1. Aşağıdaki bileşiklerden hangisi perovskit yapıya sahiptir? BaTiO 3, LiNbO 3, LaCrO 3, FeTiO 3, Na 2 WO 4, CuLa 2 O 4, La 2 MgRuO 6. İyonik yarıçap tablosu Ek'te verilmiştir. Karmaşık oksit fazlarında B pozisyonlarının iki farklı metalin katyonlarını içerebileceğini unutmayın.

2. TCP'yi kullanarak aşağıdaki spinellerin düz mü yoksa ters mi olacağını belirleyin: ZnFe 2 O 4, CoFe 2 O 4, Co 3 O 4, Mn 3 O 4, CuRh 2 O 4.

3. Tiyosiyanat iyonu SCN - iki donör merkezi vardır - sert ve yumuşak. Kalsiyum ve bakır(I)'ın tiyosiyanat komplekslerinin nasıl bir yapıya sahip olacağını tahmin edin. Bakır(II) tiyosiyanat elde etmek neden mümkün değil?

4. Cr2+ su iyonunun spektrumu (temel durum terimi 5 D) iki banda sahiptir (Şekil 1.41. Cr2+ su iyonunun spektrumu), ancak en yakın uyarılmış durumların terimleri arasında bir tane yoktur. aynı çokluk. Bunu ne açıklıyor? Bu iyonun rengi nedir?

5. Aşağıdaki Δο değerlerini kullanarak aşağıdaki kompleksler için ESC'yi kJ/mol cinsinden hesaplayın:

(a) 2–, Δο = 15000 cm–1,

(b) 2+, Δο = 13000 cm–1,

(c) 2–, Δο (4– için)= 21000 cm–1,

Eşleşme enerjisini 19000 cm –1, 1 kJ/mol = 83 cm –1 olarak alın. Manyetik momentlerini (spin bileşeni) hesaplayın.

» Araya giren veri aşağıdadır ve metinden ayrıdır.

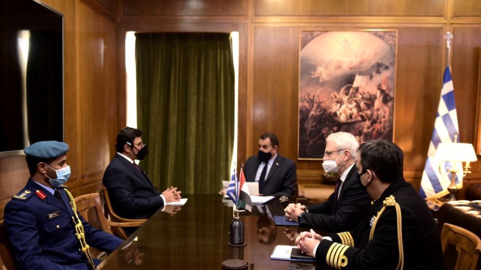 Σύμφωνα με το υπουργείο Εθνικής Άμυνας έγινε ανταλλαγή απόψεων για τις περιφερειακές εξελίξεις και την συνεργασία Ελλάδος και ΗΑΕ για προώθηση της ασφάλειας και σταθερότητας στην ευρύτερη περιοχή.

6. TCP kullanarak, CN – iyonunun neden heksaaquanickel(III) iyonu ile reaksiyona girerek hekzasiyanoferrat(II) oluşturduğunu ve heksaaquanickel(II) iyonu ile tetrasiyanonikelat(II) oluşturduğunu açıklayın.

7. Aşağıda bakır(II) su kompleksindeki suyun amonyakla sıralı değişimi için reaksiyon sabitleri verilmiştir: K 1 = 2'10 4 , K 2 = 4'10 3 , K 3 = 1'10 3 , K 4 = 2'10 2 , K5 = 3'10 –1, K6<< 1. Чем объясняется трудность вхождения пятой и шестой молекул аммиака в координационную сферу меди?

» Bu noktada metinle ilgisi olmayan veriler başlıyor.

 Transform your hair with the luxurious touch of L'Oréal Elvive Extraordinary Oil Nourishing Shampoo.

8. 3 boyutlu bir sıra boyunca hareket ederken katyonların sertliği nasıl değişir? Bu, komplekslerin kararlılık sabitlerindeki değişim sırası ile tutarlı mıdır (Irving-Williams serisi, Şekil 1.34).

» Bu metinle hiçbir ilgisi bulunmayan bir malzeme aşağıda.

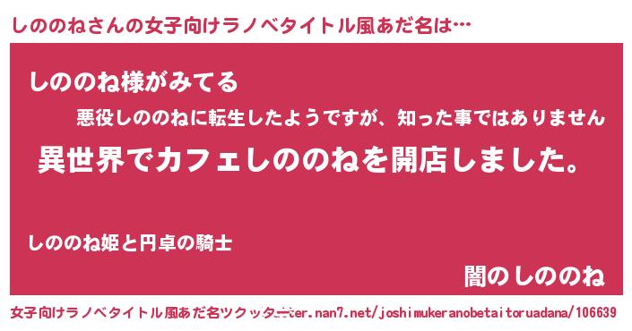 | ヘコむあだ名 | 『しののね(笑)』『しの太郎』『豆乳』 |

9. Hekzakuatik demir (III) iyonunun neden renksiz olduğunu ve demir (III) tuzlarının çözeltilerinin neden renkli olduğunu açıklayın.

10. Çözeltiye tiyosiyanat iyonunun eklenmesinin reaksiyon hızında bir değişikliğe yol açtığı ve hızın pratik olarak reaksiyon hızından bağımsız olduğu biliniyorsa, 3– + 3– = 4– + 2– reaksiyonu için bir mekanizma önerin. amonyak varlığı. Bu gerçekler için bir açıklama sunun.